Biological control of Himalayan Balsam
June 16th 2016
We have written quite a bit about the Japanese Knotweed Psyllid (aphalara itadori), which has been released in to the wild in the UK as a form of Japanese knotweed controland. I also wrote recently about the form of leaf spot fungus which is under research by CABI for potential release as another bio-control agent.
CABI are also experimenting with bio-control for a number of other invasive species, including Himalayan Balsam. CABI’s website gives the following information:
“In 2010, the project secured export of live specimens into our quarantine facility in the UK. We are currently researching the host range and infection parameters of the most damaging agent found attacking Himalayan balsam populations, an autoecious rust pathogen; a Puccinia species. This highly damaging potential agent attacks the stem and leaves of the plant often killing the young seedlings and reducing the photosynthetic rate of older plants during the dispersal phase of the pathogen. “
Our CEO, Mike Clough, recently spoke to Rob Tanner, project manager for the Himalayan balsam bio-control project and he told us:
“The Himalayan balsam project is going very well and the rust we are working with is highly host specific to Himalayan balsam. As a biocontrol agent I think it’s a very interesting agent as it hits the plant twice, once when the plant is a seedling and again on the foliage of more mature plants. As for timescale of release – this would be a difficult one to answer with any certainty. As you know we need to complete the research and then submit the dossier to Fera and Defra. However, I would like to think that potentially we could have something ready for 2013 or 2014.

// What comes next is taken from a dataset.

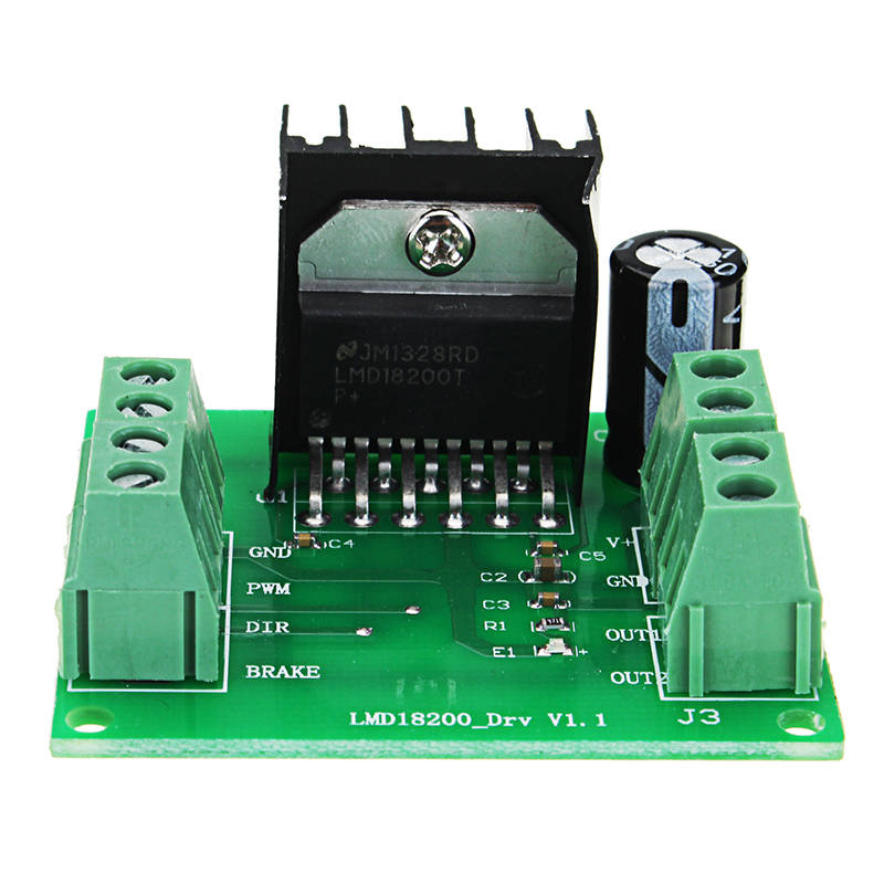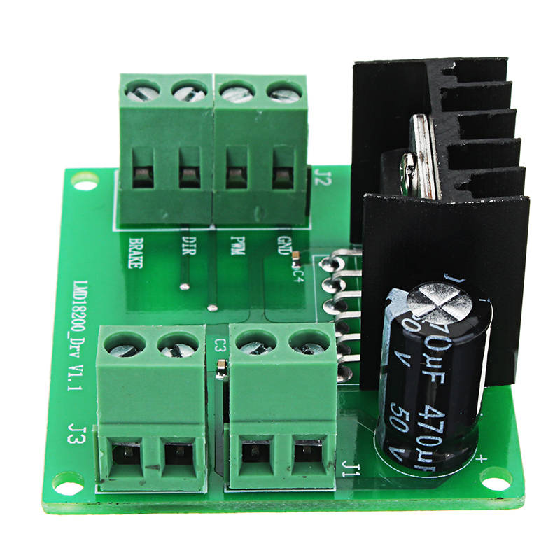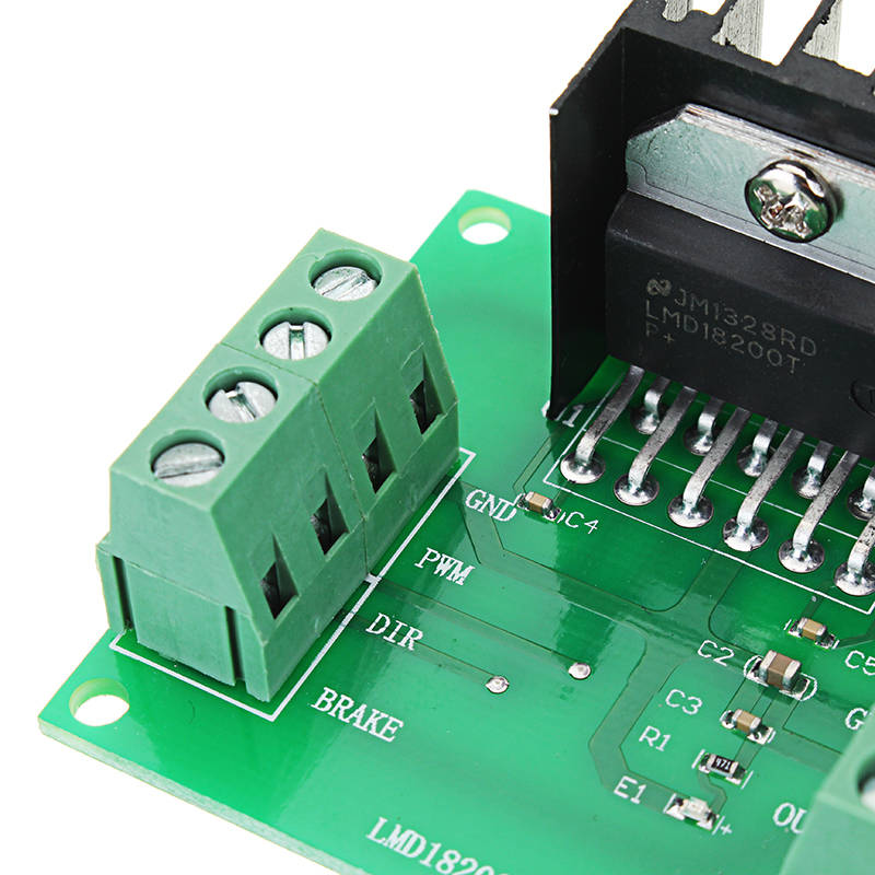 Feature: LMD18200T DC Motor Driver Module is an H-bridge driver component dedicated to the DC motor. Integrated CMOS control circuitry, and DMOS power device on the same chip, the use of which may constitute a complete motion control system with the main processor, motors and incremental encoders. LMD18200 widely used in printers, robots With power indicator, and speed is adjustable. Anti-jamming with a continuous flow protection. LMD18200T DC Motor Driver Module is an H-bridge driver component dedicated to the DC motor. Integrated CMOS control circuitry, and DMOS power device on the same chip, the use of which may constitute a complete motion control system with the main processor, motors and incremental encoders. LMD18200 widely used in printers, robots With power indicator, and speed is adjustable. Anti-jamming with a continuous flow protection. Can individually control a DC motor. PWM can help to achieve smooth speed regulation. Can achieve turning and reversing. Specification: Material: CCL Main chip: LMD18200 Working voltage: Control signal DC 4.5-5.5V; drive motor voltage: 10-30V Maximum output current: 3A (instantaneous peak current 6A) Maximum output power: 75W Package includes: 1 x PWM Speed Adjusting Motor Driver Module

Any biocontrol agent will not eradicate the population but more control the species, reducing the spread. I think that the rust would highly impact on populations reducing population over time and indeed killing individuals within the population making manual and chemical control of this species easier – especially on a catchment scale. The rust would also reduce the amount of seed set of infected plants thereby reducing the next seasons population.”

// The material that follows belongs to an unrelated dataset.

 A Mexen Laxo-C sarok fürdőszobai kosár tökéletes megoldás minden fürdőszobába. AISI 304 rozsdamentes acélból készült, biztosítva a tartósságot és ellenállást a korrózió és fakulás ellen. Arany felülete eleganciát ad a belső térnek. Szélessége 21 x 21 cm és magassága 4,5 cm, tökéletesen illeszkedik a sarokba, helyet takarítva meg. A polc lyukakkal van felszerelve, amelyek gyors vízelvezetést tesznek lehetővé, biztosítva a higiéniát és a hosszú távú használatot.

As usual, we welcome this news on one hand, whilst on the other always having the nagging doubt about introducing more non-native species in to the UK. We know CABI are working very hard and are extremely diligent in their testing – and we are genuinely enthusiastic about measures that will reduce the impact of these non-native plants on our homes, rivers and countryside.
So, thanks very much to Rob and all of his team – and we hope to see a successful release of the rust fungus in the wild in due course.